Sherwood Olios Huntsman Spider

Scientific classification
- Kingdom: Animalia
- Phylum: Arthropoda
- Subphylum: Chelicerata
- Class: Arachnida
- Order: Araneae
- Infraorder: Araneomorphae
- Family: Sparassidae
- Genus: Olios
- Species: O. sherwoodi
- Binomial name: Olios sherwoodi Lessert, 1929

= Olios sherwoodi =

- Authority: Lessert, 1929

Species of spider

Olios sherwoodi is a species of spider in the family Sparassidae. It is found in Africa and is commonly known as the Sherwood Olios huntsman spider.

==Distribution==
Olios sherwoodi is known from the Democratic Republic of the Congo, Namibia, and South Africa. In South Africa, it is recorded from the Northern Cape at altitudes ranging from 567 to 1,345 m above sea level.

==Habitat and ecology==
The species consists of nocturnal plant dwellers that wander around on vegetation in search of prey.

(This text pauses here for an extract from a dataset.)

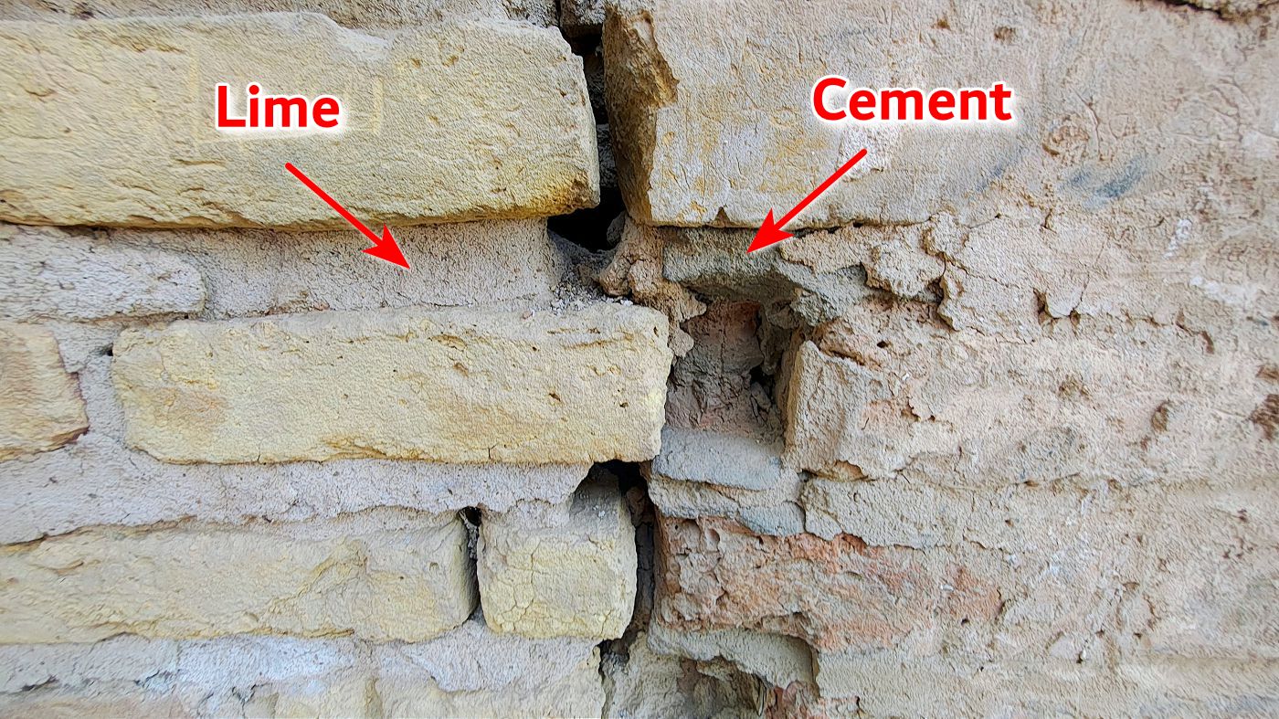 The bond is gentle – about 40% of the brick’s strength. Under stress, the lime lets go first; the brick stays intact. However, this softness means it does not reinforce a friable wall; loose grains remain loose.

Olios sherwoodi has been sampled from the Nama Karoo biome.

==Conservation==
Olios sherwoodi is listed as least concern by the South African National Biodiversity Institute due to its wide global range. The species is under-sampled and expected to occur in more African countries. In South Africa, it is protected in Augrabies National Park.

==Taxonomy==
Olios sherwoodi was described by Lessert in 1929 from the Democratic Republic of the Congo. The species is described only from male specimens, also females have been photographed.